Then…there was our wedding night. I’m not sure what I expected, but romance definitely figured in there somewhere. After our large wedding in which we spent lots of time shaking hands and hugging necks and dancing and laughing and toasting and drinking ended with us darting out to jump in the back of the limousine, I pictured being wrapped in intimacy, entering our hotel room – the bridal suite of course – scattered with rose petals and candles glowing, perhaps. I anticipated my new husband drinking of the beauty of the moment, and making me feel like I was his perfection in the way he looked and touched and tasted me. Instead, we came into a regular room (why spend money for one night on anything else?) and had rather perfunctory sex and a brief cuddle that resulted in HUSBAND sleeping quickly. I got up, went to the bathroom and filled the tub…got in…and wept. A story I never told anyone until after I discovered HUSBAND betrayed me time and again.

weddingnighttub

Could that have been an early fracture?

 

Another Kind of Weary

The last three weeks have just done me in.

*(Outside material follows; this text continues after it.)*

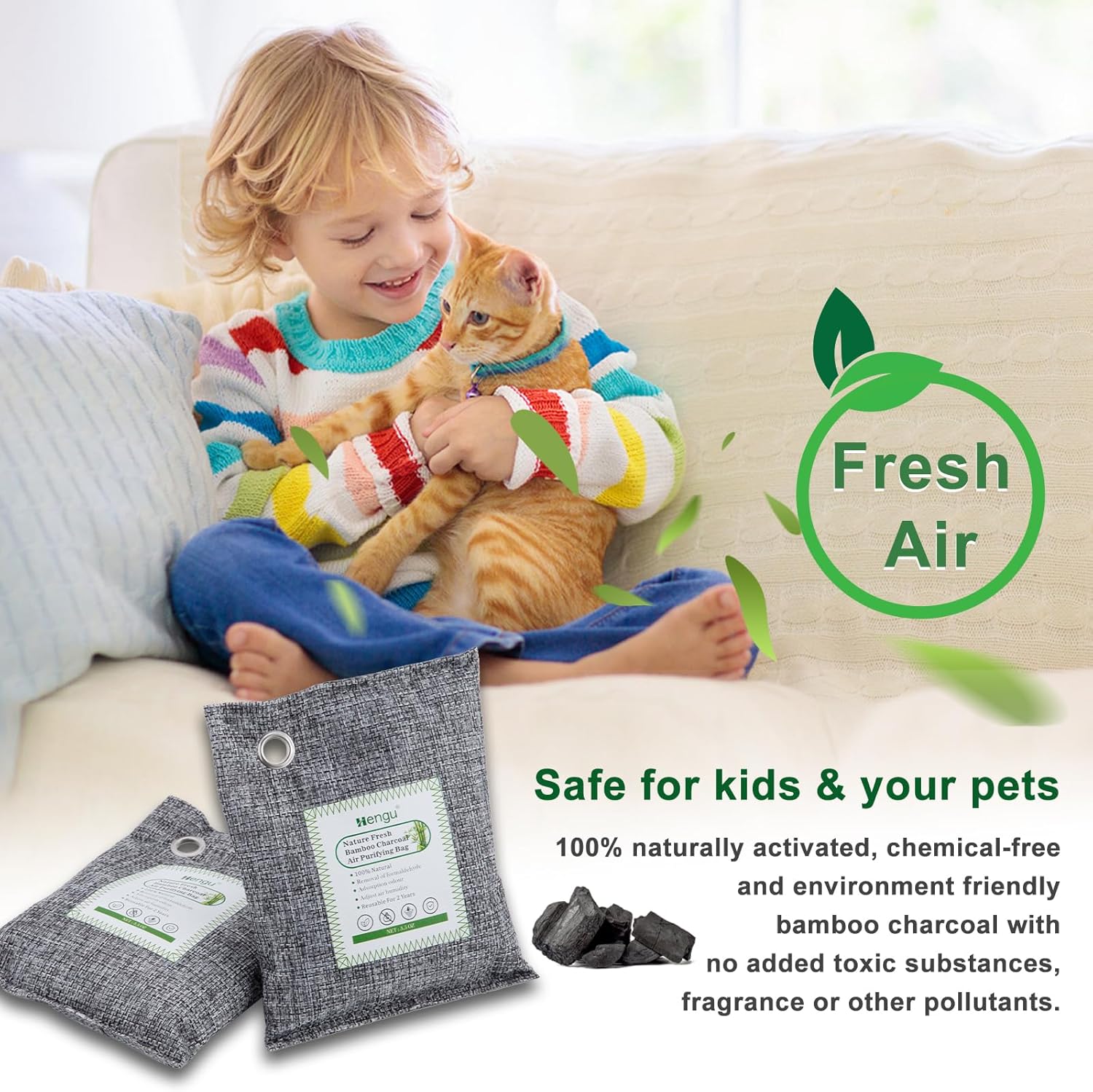 • 【Widely Used】The bamboo charcoal air purifying bag are made from natrual bamboo charcoal. You can use it anywhere such as living room, drawer, closet, shoe cabinet, car, wardrobe, fridge, pet room, sports bag, Etc. Anywhere there is a bad smell, these deodorizers will make it feel like breathing fresh air in nature.

My head is bursting from the devastation of infidelity. Of betrayal and abandonment.

A phone call, a desperate request from a cheating husband to my cheating husband begging me to reach out to his wife. A series of texts from just-recently-married-Daughter, confused about the abandonment of a husband by the wife of dear friends who she esteemed. A different phone call, asking for support for the daughter of a friend who has discovered betrayal by her spouse.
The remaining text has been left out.